TASK ITEM:
Only these lines of the data below are wanted: the one with "Children with Accompaniments).", the one with "Proterosuchus fergusi, an", and any lines between them, each repeated exactly.

SUPPLIED INFORMATION:
- - - -

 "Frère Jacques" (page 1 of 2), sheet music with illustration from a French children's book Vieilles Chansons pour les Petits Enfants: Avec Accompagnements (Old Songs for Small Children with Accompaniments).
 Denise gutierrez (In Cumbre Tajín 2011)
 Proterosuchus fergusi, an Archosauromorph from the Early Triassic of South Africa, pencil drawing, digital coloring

- - - -

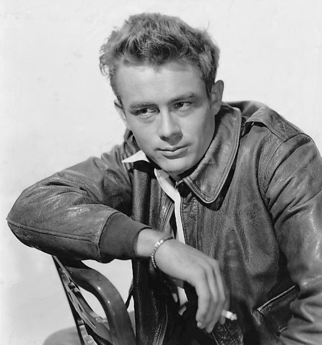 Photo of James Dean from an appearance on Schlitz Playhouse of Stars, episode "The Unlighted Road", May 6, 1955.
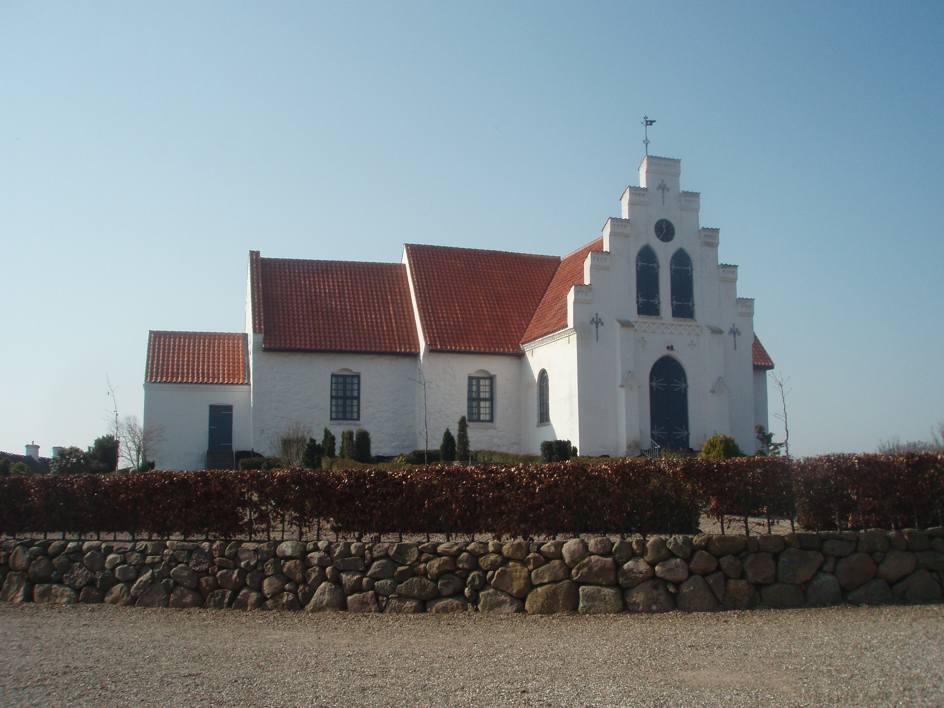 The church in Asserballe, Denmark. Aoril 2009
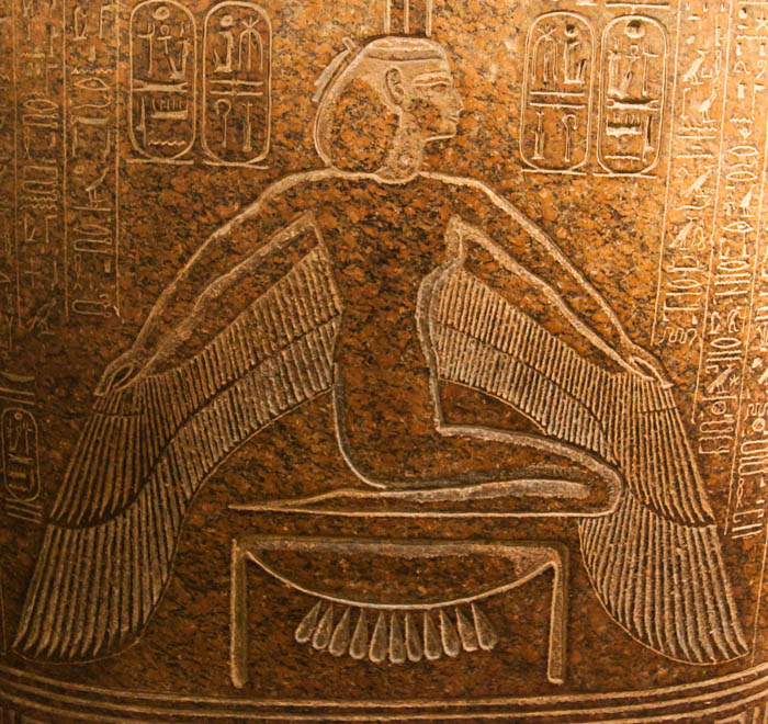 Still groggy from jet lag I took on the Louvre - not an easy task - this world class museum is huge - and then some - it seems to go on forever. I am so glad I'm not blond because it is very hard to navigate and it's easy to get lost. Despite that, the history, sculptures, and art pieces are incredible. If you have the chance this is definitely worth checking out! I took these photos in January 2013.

- - - -

RESULT FOR THIS TASK:
 "Frère Jacques" (page 1 of 2), sheet music with illustration from a French children's book Vieilles Chansons pour les Petits Enfants: Avec Accompagnements (Old Songs for Small Children with Accompaniments).
 Denise gutierrez (In Cumbre Tajín 2011)
 Proterosuchus fergusi, an Archosauromorph from the Early Triassic of South Africa, pencil drawing, digital coloring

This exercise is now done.